I crooked my index finger once, and Cad’s head bobbed up and down.
“Will a nod satisfy the terms of the duel?” Noura asked.
“Oh, I think they got the point.” I glanced over at Taslyn. “Don’t you, Tas?”
“It’s the new penalty for trespassing.” Taslyn crooked all of her fingers at once, and Otso’s arms squeezed tight around himself. “Remember it well.”
“Remember it well,” I echoed and then I squeezed my fingers and watched Cad’s fingers dig into his own skin. I didn’t feel the kind of satisfaction I might have felt once at the sight. I just knew that I had to show Cad how much pain I could inflict on him if he chose to disobey me again, or else he would keep on in his mechanical crusade until he bashed his insectile brains out. “Do you think they’ll remember it, Taslyn?”
“I think we can make it more memorable.” Taslyn made a complicated sign with her fingers.
Otso twisted toward Cad, reached his huge paws out toward his friend, and then slowed to a stop. The bear-man’s muscles bulged through his leathers as he fought the yellow enchantment, and a guttural whine started to stutter from his throat.
“I think perhaps it would be easier to allow them to walk out of here under their own power, instead of having to carry them to the healer’s.” Noura twisted her hands. Her dark eyes flitted back and forth from me and Taslyn to Cad and Otso. “Just so we can all get on with our day.”
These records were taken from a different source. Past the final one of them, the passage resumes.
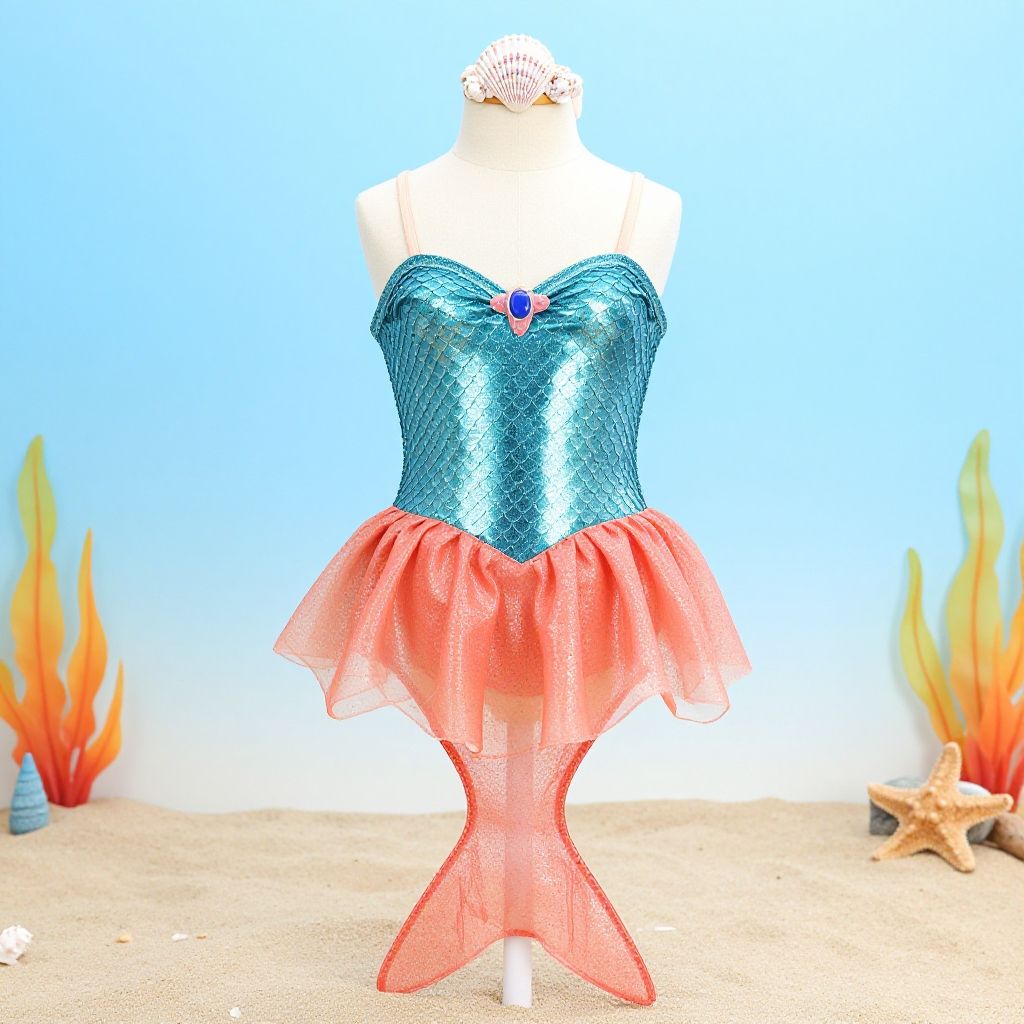 Photograph of a mermaid dress mannequin: teal shimmer top, red tulle skirt, fish tail, white background, sandy floor, orange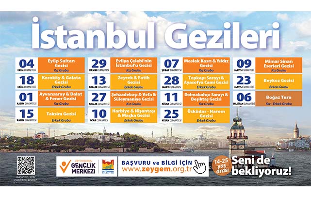 ZEYGEM tarafından organize edilen İstanbul Gezileri’ne 14 -25 yaş aralığındaki Zeytinburnu’nda okuyan ve ikamet eden tüm gençler ücretsiz olarak katılabiliyorlar. Geziye katılmak isteyen gençlerin www.zeygem.org.tr üzerinden başvurması yeterli oluyor.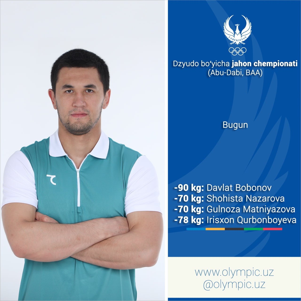 В Абу-Даби продолжается чемпионат мира по дзюдо. В рамках сегодняшнего дня 4 представителя сборной Узбекистана будут оспаривать медали. Наши дзюдоисты своё участие на чемпионате начнут против следующих спортсменов :

“That makes sense.” I took a deep breath, lowered my hands, and let the yellow light go. But I couldn’t find the off switch today. My teeth slipped against each other and my stomach growled like I’d had too much beanbrew. I tried to steady my mind into that calm, detached bug-watcher state again, but I could feel the light getting warmer in my veins as I did. I felt fear slip through my stomach at the thought that I might never be able to turn off this power, then remembered that it would have to stop when the soul gems powering it ran out. I glanced over at Taslyn and realized that her hands were still up and her eyes still gleamed brighter than I’d ever seen them. “Doesn’t it, Taslyn?”
“I suppose.” Taslyn lowered her hands slightly, and the unnaturally yellow sunlight faded from the clearing.
I suddenly realized that I’d been clenching my stomach, my teeth, and my shoulder blades. I drooped as my conscious mind let go of the tension.
Otso sat back on his haunches, lowered his eyes, and placed his hands on his knees. He took a long, shaky breath.
Cad collapsed onto the ground, wrapped his arms around himself, and started to whine.
“Get your hammer and go,” I pointed to the hammer that Otso had left at the door. I could feel angry energy pounding through my veins, and I wasn’t sure that my hand was entirely steady because of it, but I didn’t care about being cooler than cool anymore. “And I don’t see either of you around here any more. Understood?”
“Understood.” Otso pushed himself to his knees, loped over to his hammer, and slung the weapon over his shoulder. He gestured to a gasping Cad, then headed toward the trees. “Come, Cadwallader.”
“Under-fucking-stood!” Cad spat out. He finally climbed to his feet, grabbed his rapier, and shoved the sword into its scabbard. The blonde Elvenborn lifted his hand to his forehead, fired off a limp-wristed salute, then clicked his heels and turned to go. “Bloody savages don’t understand the value of a good fight, do they?”
As I watched Cad stomp off into the trees, I had a feeling that I hadn’t really seen the last of Valerys’s friends.